Some have become global mainstays and others are staying local: here is an overview of more than 20 approved Covid-19 vaccines currently in use, and a few that fell by the wayside.
mRNA leads the pack
Messenger RNA (mRNA) vaccines developed by US-German alliance Pfizer-BioNTech and American company Moderna have emerged as the most successful vaccines in use today.
A survey from Canada's McGill University shows the Pfizer jab Comirnaty has been approved in 100 countries, while Moderna's Spikevax is authorised in 70.
Ground-breaking mRNA technology teaches our cells to make a harmless piece of protein found on the surface of the virus that causes Covid-19, prompting the immune system to develop antibodies that can fight off the real thing in case of infection.
A Chinese study published online this week comparing vaccine efficacy data found that Comirnaty and Spikevax work better than other jabs, even against the Delta variant currently dominating across the globe. The study has yet to be peer-reviewed.
A widely distributed vaccine developed jointly by Swedish firm AstraZeneca and Britain's Oxford University, along with another made by Johnson & Johnson affiliate Janssen-Cilag in the US, are both based on viral vector technology.
The more traditional approach uses a genetically engineered version of the common cold adenovirus as a “vector” to shuttle genetic instructions into human cells.
AstraZeneca's jab, named Vaxzevria, is approved in the European Union and was widely distributed after its release, but it was restricted in many countries when the vaccine was linked to statistically rare instances of blood clots.
It does not have US approval, and has been largely used to supply the Covax jab scheme that provides shots to poorer countries.
Janssen's was the fourth jab to be approved in the EU, but its seemingly convenient one-and-done dosage became a liability with the rise of Delta, which experts say is too resistant to be beaten with just one dose of any vaccine.
There are a number of vaccines distributed only or mostly within the country where they were developed, though a few have limited international reach.
China's two WHO-approved vaccines — the Sinopharm jab, and CoronaVac from the lab Sinovac — have been given in about 50 countries. Two other Chinese firms, Cansino and Anhui Zhifei Longcom, are also marketing vaccines within China.

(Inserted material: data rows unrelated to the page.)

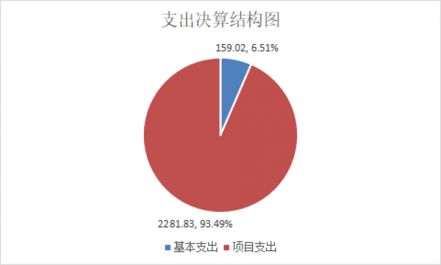 2024年度本年支出合计2440.85万元,其中:基本支出159.02万元,占6.51%;项目支出2281.83万元,占93.49%。(注:仅罗列本部门涉及的支出)
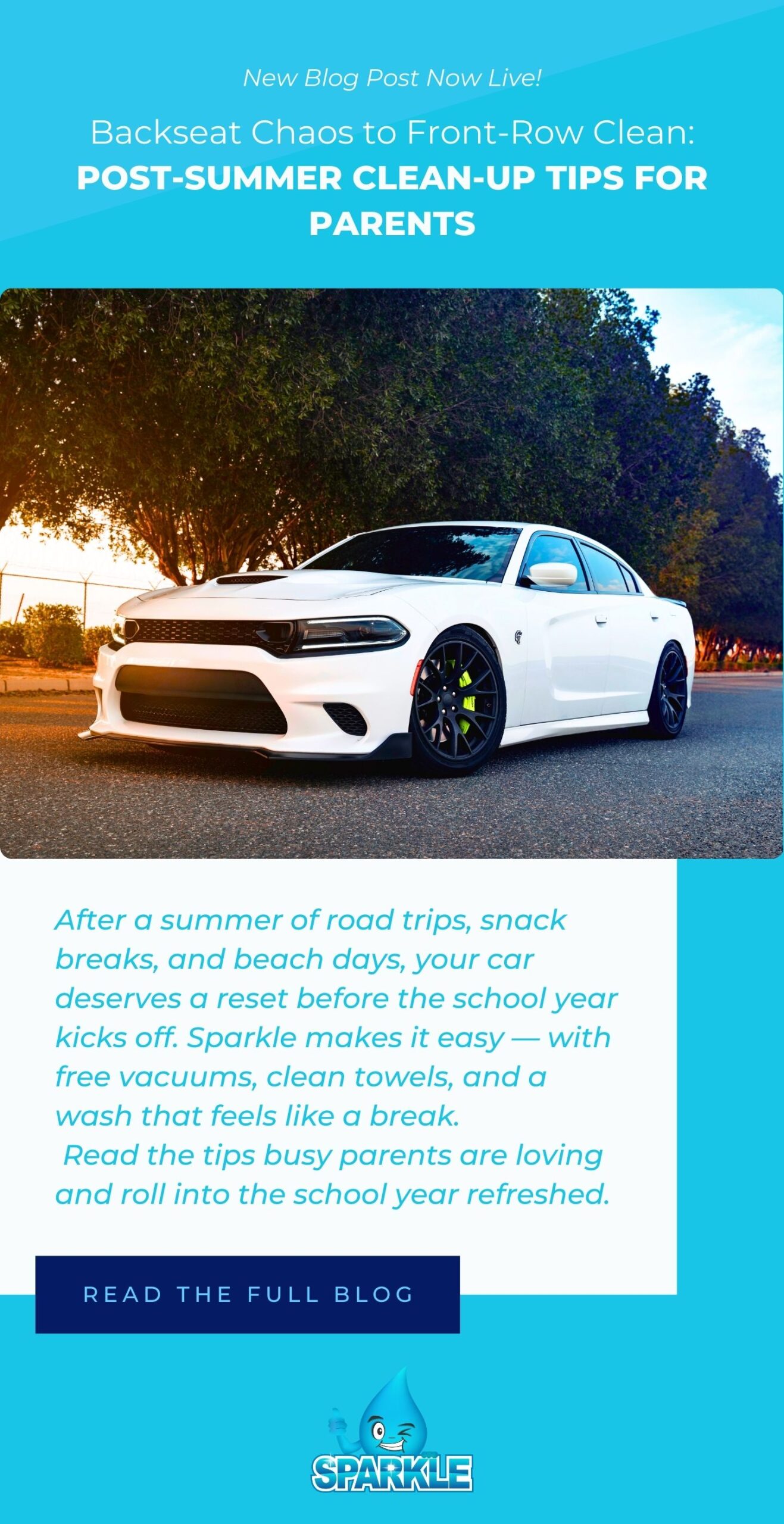 As August arrives and families gear up for back-to-school season, there’s no better time for a post-summer reset — starting with your car. At Sparkle Car Wash, we make it easy, fast, and even a little fun to take your car from backseat chaos to front-row clean.
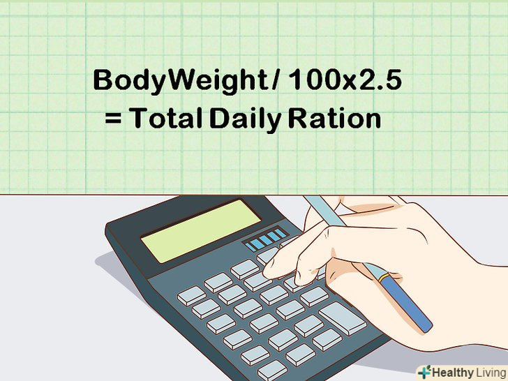 Розрахуйте загальну щоденну потребу Коня в харчуванні (в фуражі і концентраті). Кінь повинна вживати приблизно 1,5-3% від власної ваги, а в середньому близько 2,5%. Для визначення добової потреби коня в кормі використовуйте наступне рівняння: Вага коня / 100x2, 5=Загальний денний раціон
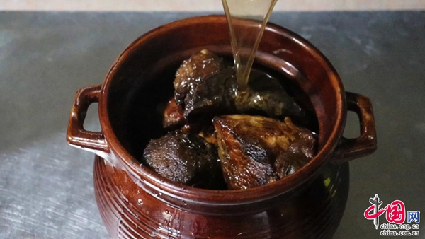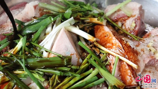 當(dāng)?shù)厝私榻B,油炸肉的吃法并不復(fù)雜,只需簡單的烹飪便可成為一道令人味蕾大開的佳肴。吃時,從壇子里掏出兩三塊油炸肉,放在鍋上蒸或切片用蒜苗炒,嘗起來肥瘦相間,幾番咀嚼,軟糯熏香溢滿唇齒間,讓人回味無窮。
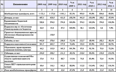 Таблица 8 Межбюджетные трансферты из федерального бюджета бюджетам субъектов Российской Федерации в 2008-2012 годах (млрд. руб.)

Russia has approved four domestically developed vaccines including Sputnik V, which currently has the green light in about 70 countries but lacks approval from the EU and the World Health Organisation (WHO).
India gave the green light to its Zydus Cadila vaccine at the end of August, making it the first DNA vaccine ever approved for use in humans.
The jab uses circular strands of DNA to prime the immune system against the virus, according to Nature magazine.
It was the second home-grown vaccine India approved after Covaxin, a shot developed by Bharat Biotech labs. India also produces its own version of the AstraZeneca jab under the name Covishield.
In Cuba, three locally-developed vaccines are available: Abdala, Soberana Plus and Soberana 2.
Other jabs that have local approval but are yet to be widely distributed include Iran's Barekat vaccine, QazVac in Kazakhstan and Taiwan's Medigen.
Read: The politics of vaccines
Sputnik V and CoronaVac are under rolling review by the European Medicines Agency (EMA) — a first step towards EU approval — along with other candidates.
One is Novavax, a two-jab vaccine from the US that relies on proteins to carry harmless fragments of the coronavirus to produce an immune reaction.
German mRNA jab CureVac is also under review, though efficacy tests showed disappointing results at the end of June.
A total of 121 Covid-19 vaccines, including those that have been approved, have undergone clinical tests on humans, according to a WHO review published on September 24.
Some 124 jabs are in pre-clinical trials meaning they have not yet been tested in humans.
On Tuesday, French pharmaceutical giant Sanofi, which had lagged behind rivals to produce a jab, said it was stopping work on an mRNA vaccine despite positive test results.
Merck laboratories abandoned efforts to produce a jab in January, saying its candidates produced immune responses that were “inferior” to successful Covid-19 vaccines.
A few weeks prior in December 2020 Australia had dropped the development of a vaccine after clinical trials produced a false positive HIV result among subjects involved in early-stage testing.
The vaccine used a small amount of HIV protein but triggered an antibody response that could interfere with HIV screening.